A major dust up in 2019 between former Council President Damali Vidot and members of the Chelsea Firefighters Union has been resolved with mediation and apologies after a long investigation – one that some councillors feel was an unwarranted expenditure.
Councillor Vidot told the Record this week that the investigation of wrongdoing conducted by the City at a current cost of $46,000 has been resolved with mediation – a process where the Union has issued an apology and Vidot has said she could have done things a little better during a Council vote on changes to City insurance plans in 2019.
“What I was trying to do is to hold people serving in Public Safety to a level of accountability to our residents,” she said. “I know if I kept going with the investigation, the investigators would have probably suggested a reprimand. They asked if I was open to mediation and Union President Brian Capistran said he should have said something sooner and gotten control of the matter. I admit the way we handled the vote wasn’t the best and wasn’t transparent and not the way I want to lead. I want to put this behind us and move on in 2020.”

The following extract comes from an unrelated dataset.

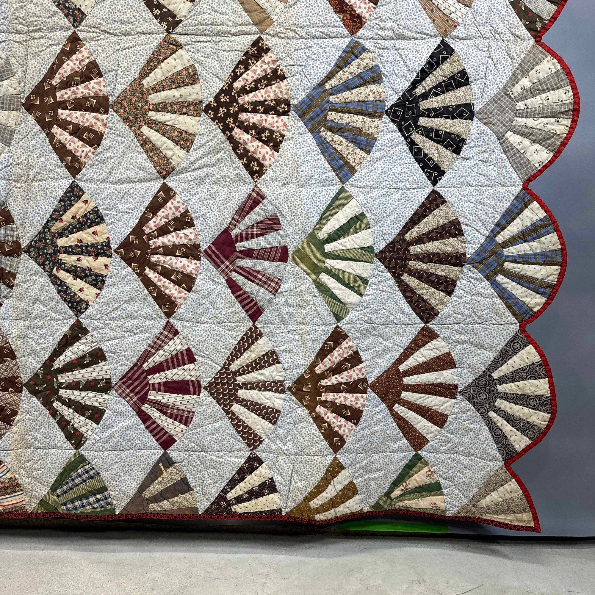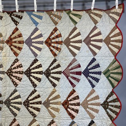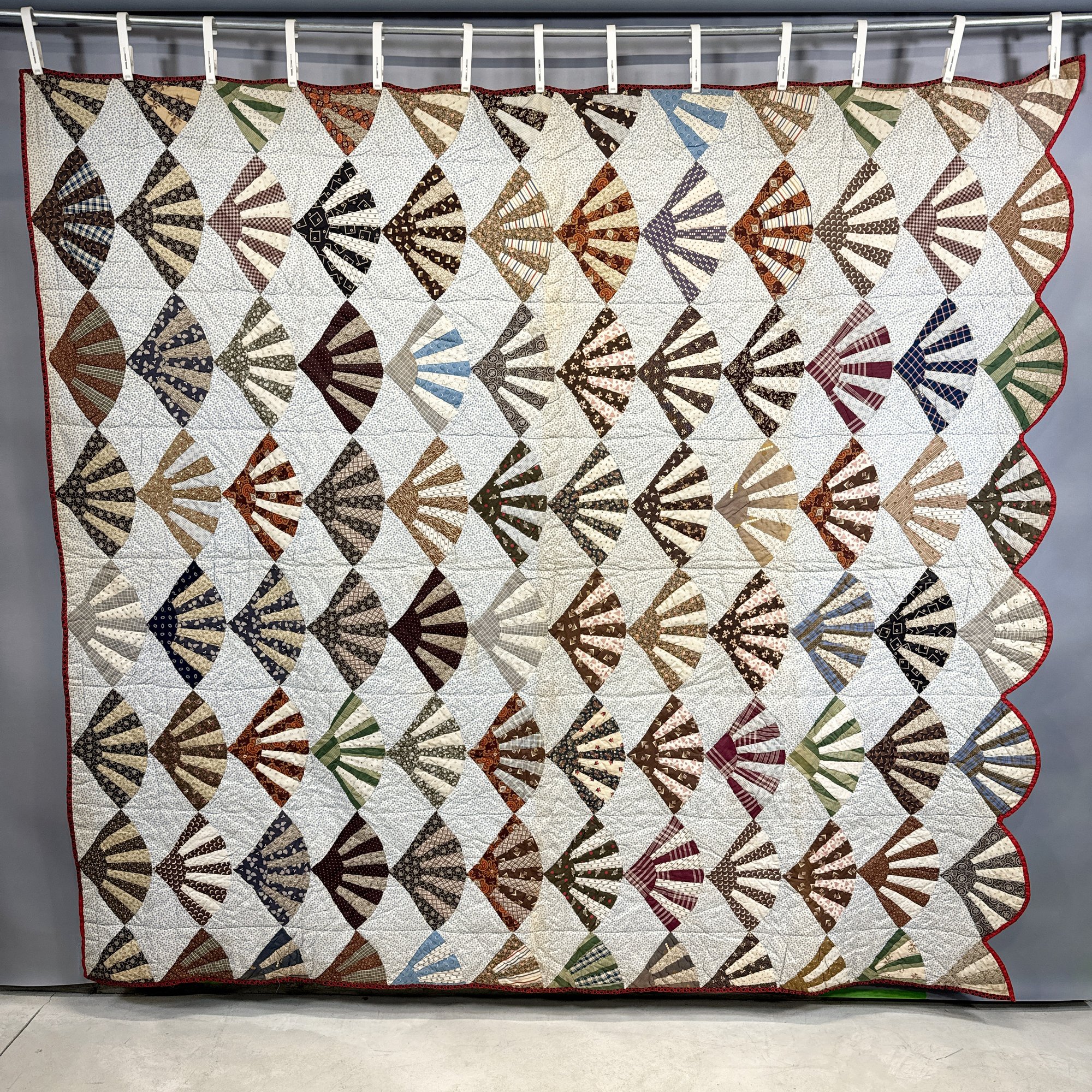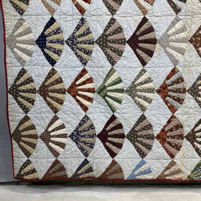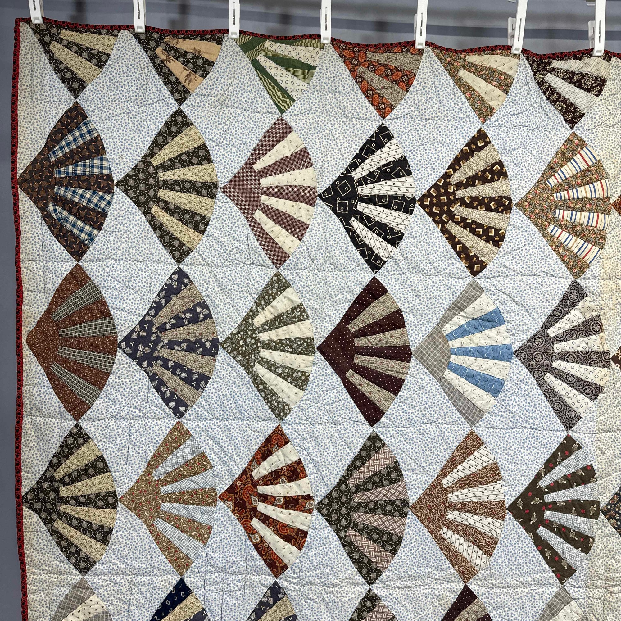 American Pieced Cotton 'Fan' Pattern Quilt, Late 19th-Early 20th Century. With paisley backing.

She noted that Capistran was very professional with her at all times, and respectful as well. She said it was two specific members of the Union that crossed the line in her opinion.
Fire Union officials declined to comment on the resolution, but they did issue an official letter of apology in the matter.
“We still believe the City Council poorly handled that public session,” wrote Capistran. “However, notwithstanding our discontent with the process, I concede that the conduct of some of our members and allies was inappropriate, disrespectful and unprofessional. Public employees should never engage in shouting and aggressive behavior towards members of the City Council. For that behavior, I apologize on behalf of the Union. I regret that I did not exhibit more leadership in controlling this reaction. I hope we can all understand it was in the heat of the moment over a very contentious issue that affects all City employees.”
The genesis of the situation came in 2019 when the City Manager was trying to save money on health insurance costs. He had tried to make changes to the percentages previously, but it was rejected. However, he did ask the Council to give him authority to make changes to plan design to save money. That vote was on the agenda the night in question, and the room was packed with mostly Police and Fire Union personnel, many of whom expected to let their feelings be known during the Public Speaking portion at the beginning of the meeting.
However, former Councillor Bob Bishop called to move the question to a vote before Public Speaking, and Vidot allowed it. That triggered the voted and also a lot of anger – as Union members weren’t afforded an opportunity to speak before the vote.
After the vote, there was a huge confrontation in the hallway outside the Council, with some firefighters screaming and threatening Vidot, she said.
“One of the men said, ‘Don’t call us when your house is on fire,’” she said. “It’s one thing when you hear systemic racism or institutional racism, but it’s another thing when you have an older white male on the Fire Department screaming at you and saying they won’t come if your house is on fire. I moved on at first, but was bothered by it.”
That triggered an investigation when Vidot went to City Manager Tom Ambrosino. A retired judge conducted the investigation, and a private investigator was hired, and surveillance video was reviewed from City Hall. There were several hearings that went for many hours before mediation was suggested.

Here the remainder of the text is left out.